We partner with CROs, CDMOs, SMOs, E-Clinical, technology, specialty and full service providers to fill a range of positions from Associates to C-Level.
Drug Discovery is the initial stage (non-GLP) in the drug R&D process that aims to understand the nature and causes of a disease through identifying proteins known as “targets”, associated with the disease that are critical to the survival or spread of the disease-causing organism. Through analyzing, testing, and re-testing tens of thousands of drug compounds, scientists and researchers seek to narrow these compounds to a select few that positively affect the disease target, often called “hits”, that will eventually lead to these compounds becoming drug candidates.
Pre-Clinical is the 2nd stage in the drug development process, in which up to 250 drugs that passed through the Discovery stage are tested in-vitro (test tube) and then in-vivo (animal studies), adhering to Good Laboratory Practice (GLP) guidelines. The goal is to identify up to 5 of the tested drugs that will be safe and effective enough to be submitted to the FDA through an Investigation New Drug (IND) application for approval before advancing to clinical, human trials.

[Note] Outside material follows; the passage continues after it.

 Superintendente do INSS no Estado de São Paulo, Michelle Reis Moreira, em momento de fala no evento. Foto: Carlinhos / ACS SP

Once a drug’s IND application has been approved, clinical trials begin on humans. The drug is tested on increasing numbers of human patients over 3 phases (I, II, and III) of clinical trials following Good Clinical Practice (GCP) guidelines. Generally-speaking, only 1 drug will survive the trials, be found safe and effective, and is submitted to the FDA through a New Drug Application (NDA) before it can be approved for market and commercialization (Phase IV).

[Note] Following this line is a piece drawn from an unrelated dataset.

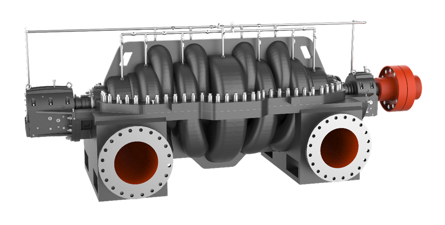 GSX型高效单级双吸离心泵是我公司在广泛吸收国内外同类产品先进技术的基础上,创新研制的第四代高效节能双吸泵,是对我司第三代GS系列泵优化设计的新系列产品。本系列产品型谱范围广,水力性能好,结构新颖,具有高效率和高可靠性能,低汽蚀余量和低维护的显著特点。本系列产品用于输送清水或物理化学性能类似于清水的其他液体。采用耐腐蚀或耐磨材料、可输送工业废水、海水或含少量颗粒的浑水。广泛应用于钢铁、石油化工、火力发电、矿山等工况企业的给排水系统或冷却循环水系统,也可应用于城市自来水、热网循环水、空调系统循环水和农田排涝灌溉及各类水利工程。

Phase I is the initial phase of clinical trials, often known as “first-in-man” studies, and is focused primarily on the drug’s safety, as it is tested on a group of approximately 20-100 generally healthy human patients using pharmacovigilance methods. Single-ascending dose studies are first administered (Phase Ia) to small groups of patients before increasing to multiple-ascending dose studies (Phase Ib) new groups of patients.
Phase II is primarily focused on dosing studies (Phase IIa) and effectiveness studies (Phase IIb) of the drug, although safety continues to be monitored, and is generally administered and tested on approximately 100-500 patients affected by the disease or condition being targeted.
Phase III trials involve a much larger and diverse group of affected patients, with approximately 1000-5000 receiving the drug (Phase IIIa), is the longest and costliest, is key in determining the drug’s safety and effectiveness, and provides the basis for labeling instructions (Phase IIIb). Upon successful completion of Phase III, a New Drug Application (NDA) is filed with the FDA and, if approved, can then be brought to market with ongoing surveillance and analysis (Phase IV).
Phase IV trials take place after the FDA approves the drug’s marketing and commercialization. Here, trials are conducted to identify and evaluate the drug’s long-term effects for larger number of patients, which allows the new drug to yield more information about its efficacy, safety, and side effects.
Adaptive Design Studies
Cardiac Safety ECG Monitoring
Clinical Data Management
Functional Service Providers
Late Clinical Trials
Safety & Pharmacovigilance
Manufacturing of drugs and their packaging begins in Pre-Clinical on a small-scale, is ramped up to a large-scale throughout the Clinical stage, and is a different process from drug to drug. Each manufacturing facility must meet strict FDA guidelines for Good Manufacturing Practices (GMP), which is the part of quality assurance that ensure products are produced and controlled to the highest standards in facilities, equipment, and methods.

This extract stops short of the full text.